- [Supplied material]
——

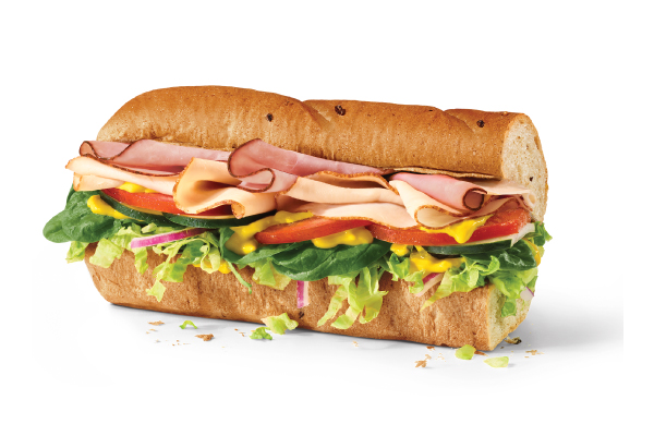 6”, Hearty Multigrain, Oven-roasted Turkey, Black Forest Ham, Lettuce, Spinach, Tomatoes, Cucumbers, Red Onions, Yellow Mustard
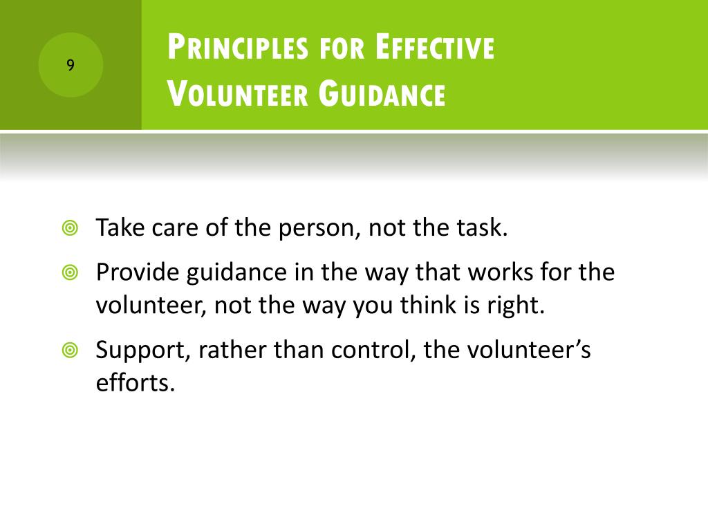 Principles for Effective Volunteer Guidance • Take care of the person, not the task. • Provide guidance in the way that works for the volunteer, not the way you think is right. • Support, rather than control, the volunteer’s efforts.
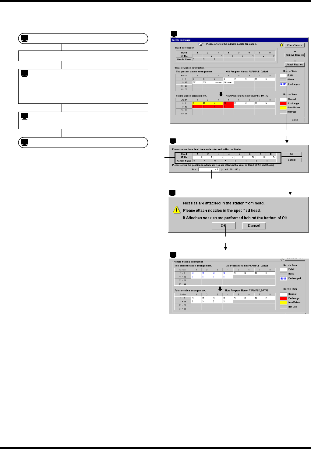 BM 231 操作手册 6.7 品种切换 E35OCC- 21-062-C0 6.7- 20 < A ttach Nozzles> ( 吸嘴安装 ) 的操作步 骤 如果按 < Attac h Nozzles> ( 吸嘴安装 ) 就 会显示出安装 动作的条 件设定画面。 请按照以下的步 骤进行吸嘴的 安装。 = 提示 = 1 未返回原点时, 因 ‘O rigin Ret urn Instr ucti on’ (…
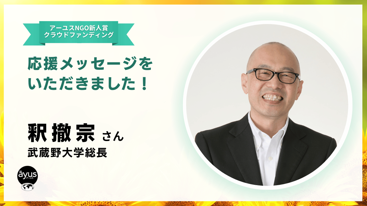 東奔西走でご多忙のなか、「アーユスの『NGO新人賞』設立の真摯な願いを受け止めてほしい!」と、力強い応援メッセージを頂戴しました。

——

- [What to do]
Instruction for this listing: copy it exactly, but leave the images behind.

- [Task solution]
 6”, Hearty Multigrain, Oven-roasted Turkey, Black Forest Ham, Lettuce, Spinach, Tomatoes, Cucumbers, Red Onions, Yellow Mustard
 Principles for Effective Volunteer Guidance • Take care of the person, not the task. • Provide guidance in the way that works for the volunteer, not the way you think is right. • Support, rather than control, the volunteer’s efforts.
 BM 231 操作手册 6.7 品种切换 E35OCC- 21-062-C0 6.7- 20 < A ttach Nozzles> ( 吸嘴安装 ) 的操作步 骤 如果按 < Attac h Nozzles> ( 吸嘴安装 ) 就 会显示出安装 动作的条 件设定画面。 请按照以下的步 骤进行吸嘴的 安装。 = 提示 = 1 未返回原点时, 因 ‘O rigin Ret urn Instr ucti on’ (…
 東奔西走でご多忙のなか、「アーユスの『NGO新人賞』設立の真摯な願いを受け止めてほしい!」と、力強い応援メッセージを頂戴しました。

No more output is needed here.